The translational repression and target degradation of mRNAs is achieved by the level of complementarity between miRNA strands and the site in the 3′ UTR targets. If there is complete complementation, there will be cleavage of the mRNAs and this will produce degradation. On the other hand, if there is incomplete complementation, translation will be prevented by taking the transcripts into P bodies to keep them silenced using proteins that prevent translation or removal of the cap structure (Figure 5). Another mechanism by which miRNAs affect gene expression is by histone modification and DNA methylation of promoter sites. This mechanism occurs thanks to the RNA-induced transcriptional silencing (RITS) complex. This protein complex binds to miRNAs to perform posttranslational modification of histone tails such as methylation of H3K9 to form heterochromatin and to cause transcriptional repression [89, 90].

Figure 5

miRNA biogenesis. miRNA genes are transcribed by RNA Polymerase II in the nucleus to form a primary miRNA (pri-miRNA) that is, 100 to 1000 nucleotides in length. This pri-miRNA is recognized by nuclear enzymes Drosha, Pasha, or DGCR8 (in humans), which cleave about 11 nucleotides off of it to produce hairpin structures known as pre-miRNA, which are ~70 nucleotides in length. Once pre-miRNA hairpins are made, they are exported from the nucleus to the cytoplasm by the Exportin-5 enzyme. In the cytoplasm, the Dicer enzyme cleaves pre-miRNAs to form a duplex miRNA that is 18–23 nucleotides in length. Of these 2 strands, the one with lower stability in the 5′ end is the guide strand, and it will be associated with the RNA-induced silencing complex (RISC), where miRNAs interact with the mRNA targets. The RISC complex needs to interact with other proteins such as Argonaute (Ago) proteins and TRBP to function appropriately. The translational repression and target degradation of mRNAs can be achieved by the level of complementarity between miRNAs strand and the site in the 3′ UTR targets. If there is a complete complementation, there will be a cleavage of the mRNAs and it will produce the degradation. On the other hand, if there is an incomplete complementation, translation will be repressed by taking the transcripts into P bodies to keep them silenced.

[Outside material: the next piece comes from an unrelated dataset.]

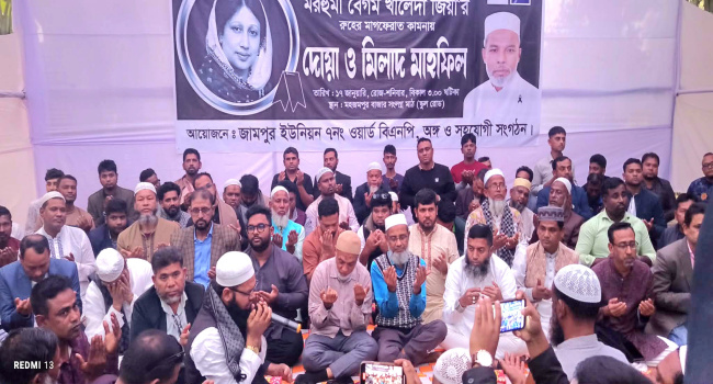সোনারগাঁয়ে জামপুর ইউনিয়ন বিএনপির উদ্যোগে খালেদা জিয়ার রুহের মাগফেরাত কামনায় দোয়া মাহফিল

3. Epigenetics and Autoimmunity

Autoimmune diseases are a complex group of diseases that do not have the same epidemiology, pathology, or symptoms but do have a common origin [91]. All autoimmune diseases share immunogenetic mechanisms mediated in part by several pleiotropic genes. Many studies over the years have shown that these diseases are caused by alterations in many loci and genes in the human genome [92]. However, until recent years, epigenetic studies have focused on autoimmune diseases. Therefore, it is important to underline the fact that autoimmune diseases may be generated by several alterations in the same epigenetic mechanism. Also, it is essential to understand that epigenetics is not the only mechanism that may cause autoimmunity. In fact, there are intrinsic and extrinsic components (mutations, polymorphisms, and environmental factors) that predispose to autoimmunity.

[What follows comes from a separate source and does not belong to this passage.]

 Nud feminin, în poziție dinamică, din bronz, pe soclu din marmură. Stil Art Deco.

3.1. DNA Methylation and Autoimmune Diseases

As was mentioned at the beginning of this paper, DNA methylation is the most widely studied mechanism in autoimmune diseases. Several studies done so far have found that some diseases such as systemic lupus erythematosus (SLE) and rheumatoid arthritis (RA) have global hypomethylation in the cells they target in promoter regions of DNA (Table 2). Studies of other autoimmune diseases in search of methylation patterns are just beginning.

3.1.1. Systemic Lupus Erythematosus

SLE is a systemic multiorgan autoimmune disease characterized by autoantibody response to nuclear and/or cytoplasmic antigens. Several studies have shown that there is a global hypomethylation of promoter regions, which contain the genes that are overexpressed in the disease such as ITGAL, CD40LG, PRF1, CD70, IFGNR2, MMP14, LCN2, and in the ribosomal RNA gene promoter (18S and 28S) [23–27]. The DNA hypomethylation may also affect the chromatin structure of T-cells thus enhancing the overexpression of these genes. This gene overexpression will cause cell hyperactivity, perpetuation of the immune response and consequently, and perpetuation of inflammatory response [93–95].

An example of how hypomethylation alters gene expression in SLE is the hypomethylation of the E1B promoter of CD5 in resting B cells. CD5 is a protein found in B cells that serves to mitigate activating signals from the B cell receptor (BCR) so that B cells are only activated by strong stimuli and not by normal tissue proteins. CD5 has two isoforms: E1A that is expressed on the membrane and E1B that is retained in the cytoplasm. The hypomethylation of E1B promoters may be the consequence of a reduced expression of DNMT1. Therefore, there is an increase in the expression of this CD5 isoform that will cause impairment of cell receptor signaling, which will then promote autoimmunity [28].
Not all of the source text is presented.